Rochester Electronics has made a business out of keeping systems shipping and working. Its model spans authorised inventory, assembly, test and (when there is no part or die left) authorised recreation of the original silicon for a drop-in replacement. The approach is pragmatic. It starts with what exists, then escalates as necessary, always trying to avoid software impact for the OEM.
At the sharp end of this work is a set of choices engineers control on day one: which components sit closest to system software; which packages and assembly processes they rely on; and how they archive design data for future recovery. Those choices define the cost of later changes; maintainability of the bill-of-materials; and feasibility of sustaining lifetime performance.
Rochester Electronics’ director of sales for Northern Europe, Middle East and Africa, Paul Green, said: “Customers today are having a similar issue to what they had 20 years ago, in terms of how do I keep my products alive.”

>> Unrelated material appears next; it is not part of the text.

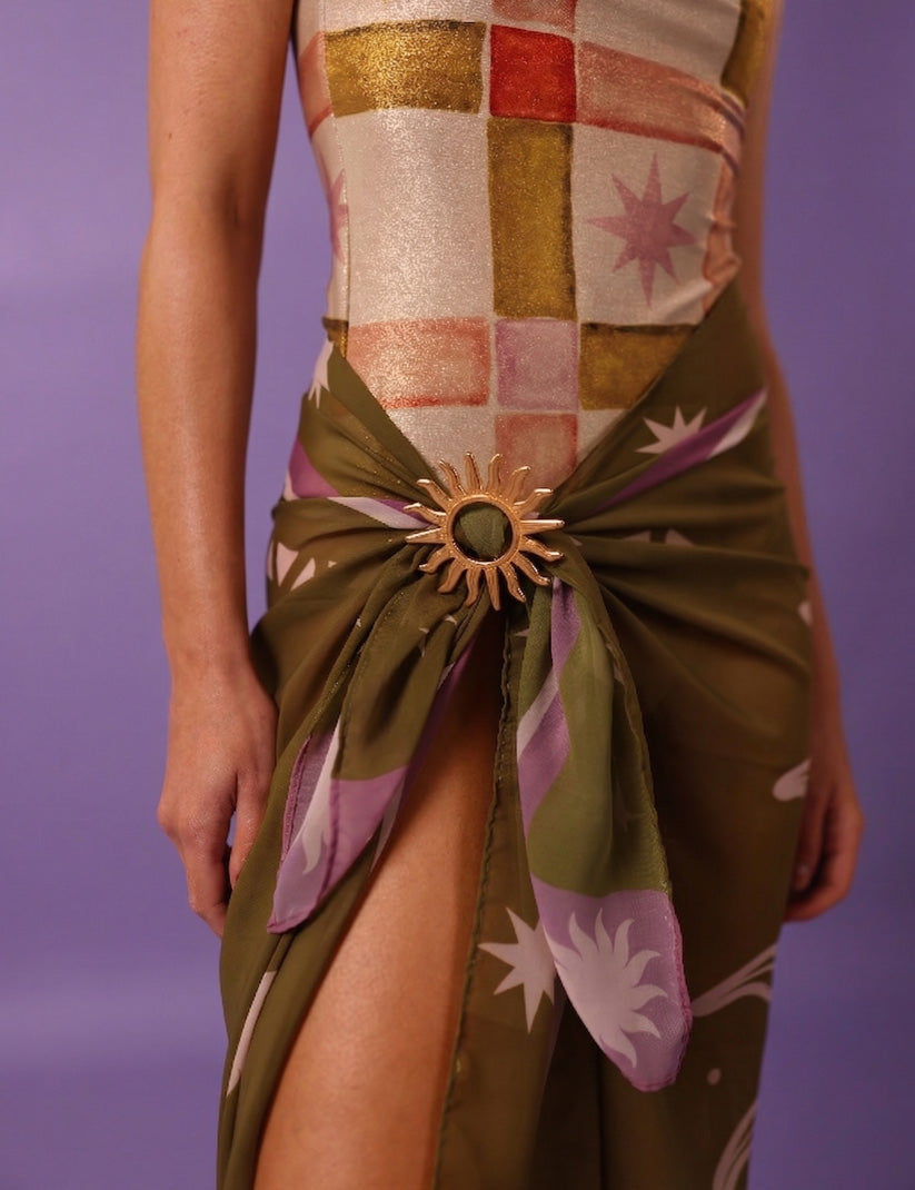 El Pareo Largo Eclipse Verde es la pieza versátil que necesitas para complementar tu look playero con un toque natural y editorial. Este pareo transforma tu vestido de baño en múltiples looks mientras te mantiene cómoda bajo el sol.

Rochester Electronics’ VP of design and technology, Dan Deisz, added: “We are the method of last resort within Rochester and that’s the creation of new silicon that looks like the original silicon in a fully authorised way.”
Why obsolescence keeps accelerating for long-life systems
Green reported that obsolescence challenges are intensifying as device roadmaps compress and packaging, wafer nodes and tester platforms evolve. Many customers still support very old programmes while wishing to avoid redesign. The gap between long service life and short component lifecycles is growing, which raises the urgency for strategies that minimise redesign and preserve reliability.
Green was blunt about the trend: “Obsolescence is always going to be with us because technology always looks to move on. That is why Rochester positions itself to offer inventory where possible; then assembly and test from stored die and IP; and finally, silicon recreation when nothing else remains.”
Deisz framed the four root causes of obsolescence engineers should track: the fab process disappears, the package type disappears, the tester platform disappears, or the part fails to meet the manufacturers revenue targets. Those root causes determine next steps. Misjudged last-time buys, underestimated demand tails and new regulatory or programme requirements often push systems into a bind.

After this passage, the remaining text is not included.